▸ AVAILABLE DATA:
==================================================

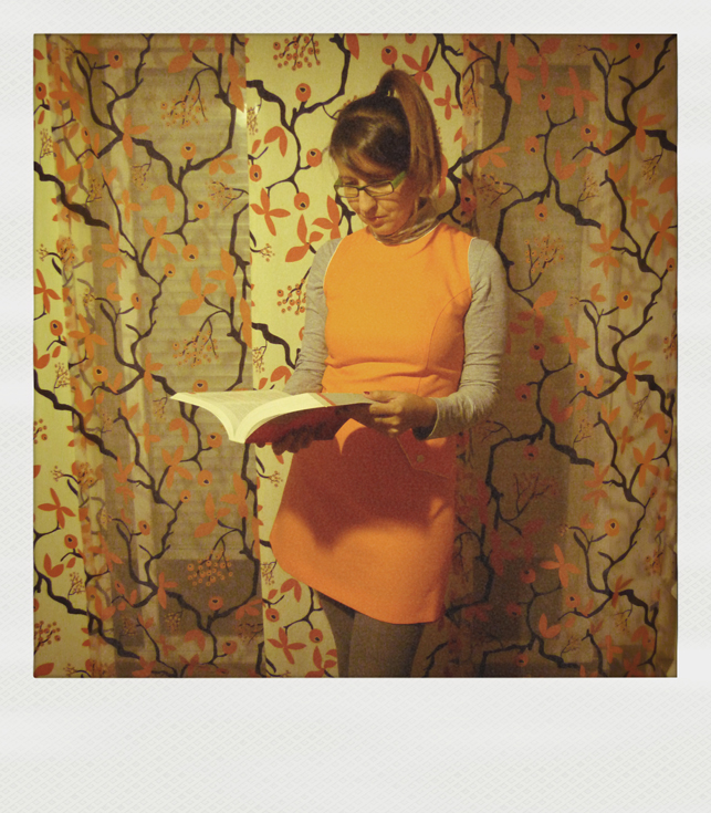 El vestido naranja tiene reminiscencias años 60's. El corte evasé con caída acampanada, sin mangas y de color llamativo, eran las premisas de aquellos años. Esta prenda en concreto, es de de Humana Vallecas adquirida por el módico precio de 9€. Además, esta cadena de la Fundación Pueblo para Pueblo, ha abierto una nueva tienda en Madrid.
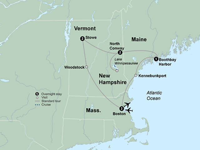 Be charmed by the colors of New England on this 8-day tour that brings you from the heart of historic Boston to the farms, coast and mountains of the north. Tour historic Boston during a two-night stay. Explore Woodstock, Vermont, a quintessential New England village. Tour Ben & Jerry’s Ice Cream Factory and sample some of its delicious creations. Watch apples transform into cider before your eyes at Cold Hollow Cider Mill. Learn about the maple sugaring industry of New England on a farm tour of the Rocks Estate. Relax as your cruise along Lake Winnipesaukee, admiring the splendid views. Dig in at a traditional New England lobster dinner. Admire Maine’s dramatic coast and discover the seaside communities of Boothbay Harbor and Kennebunkport. This is New England.
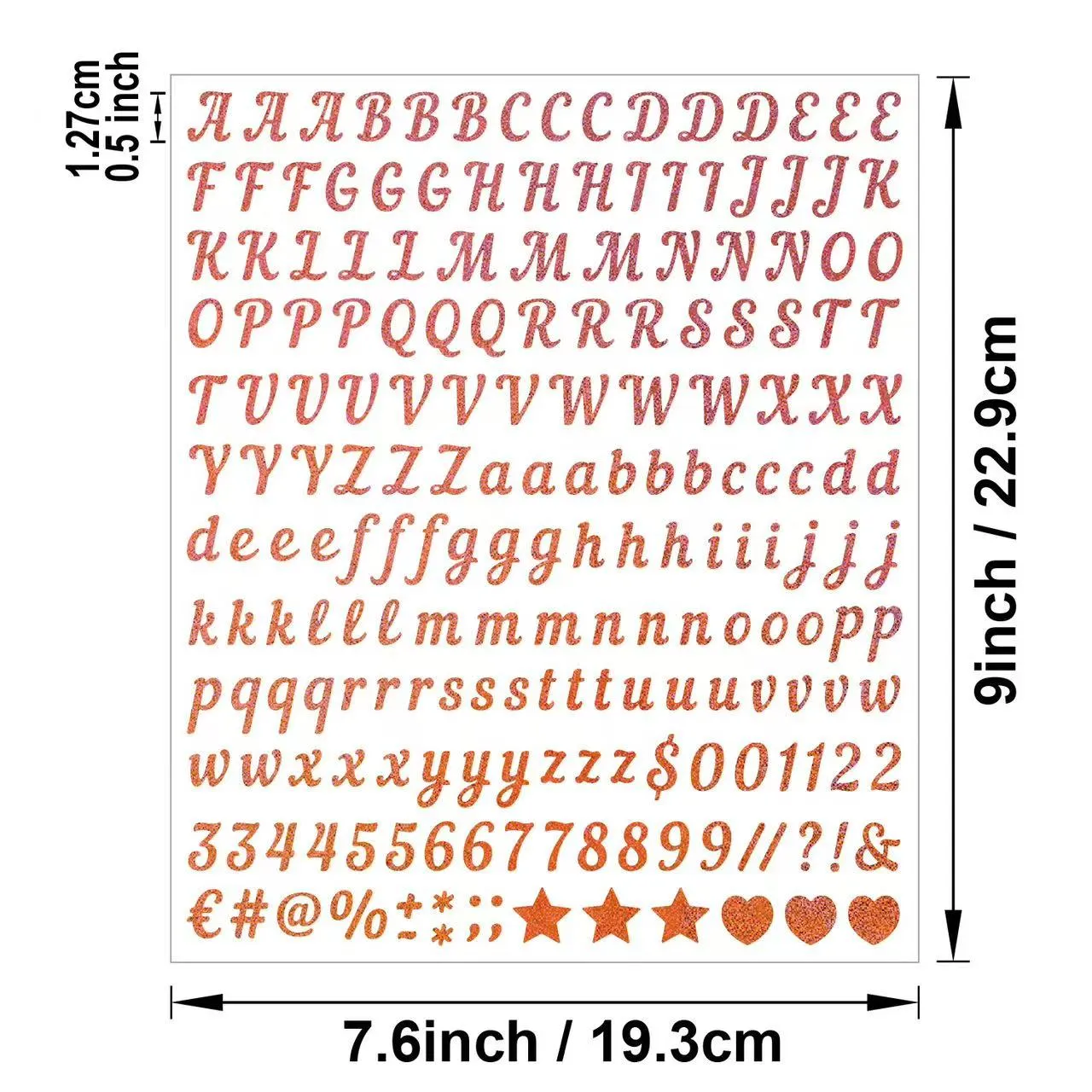 Hizki apaingarrizko eranskailu hau brikolajerako, eguneroko dekoraziorako eta etiketatze agertokietarako bereziki diseinatutako apaingarri sortzailea da. Multzo osoak ingelesezko 26 letra larriz, 0-9 zenbaki eta ikur arruntak ditu, hainbat ortografia, zenbakitze eta dekorazio beharrizanak asetzeko. Eranskailu material lodiz eta kalitate handikoz egina dago, seguru itxitako harea geruza batekin, erraz kentzen eta irmo itsasten da. Hainbat gainazal leun eta lautarako egokia da eta ez du hondakinik uzten kentzean.

==================================================

▸ INSTRUCTIONS FOR THE TASK: Give the data above back unchanged, except for the pictures.

▸ RESULT:
 El vestido naranja tiene reminiscencias años 60's. El corte evasé con caída acampanada, sin mangas y de color llamativo, eran las premisas de aquellos años. Esta prenda en concreto, es de de Humana Vallecas adquirida por el módico precio de 9€. Además, esta cadena de la Fundación Pueblo para Pueblo, ha abierto una nueva tienda en Madrid.
 Be charmed by the colors of New England on this 8-day tour that brings you from the heart of historic Boston to the farms, coast and mountains of the north. Tour historic Boston during a two-night stay. Explore Woodstock, Vermont, a quintessential New England village. Tour Ben & Jerry’s Ice Cream Factory and sample some of its delicious creations. Watch apples transform into cider before your eyes at Cold Hollow Cider Mill. Learn about the maple sugaring industry of New England on a farm tour of the Rocks Estate. Relax as your cruise along Lake Winnipesaukee, admiring the splendid views. Dig in at a traditional New England lobster dinner. Admire Maine’s dramatic coast and discover the seaside communities of Boothbay Harbor and Kennebunkport. This is New England.
 Hizki apaingarrizko eranskailu hau brikolajerako, eguneroko dekoraziorako eta etiketatze agertokietarako bereziki diseinatutako apaingarri sortzailea da. Multzo osoak ingelesezko 26 letra larriz, 0-9 zenbaki eta ikur arruntak ditu, hainbat ortografia, zenbakitze eta dekorazio beharrizanak asetzeko. Eranskailu material lodiz eta kalitate handikoz egina dago, seguru itxitako harea geruza batekin, erraz kentzen eta irmo itsasten da. Hainbat gainazal leun eta lautarako egokia da eta ez du hondakinik uzten kentzean.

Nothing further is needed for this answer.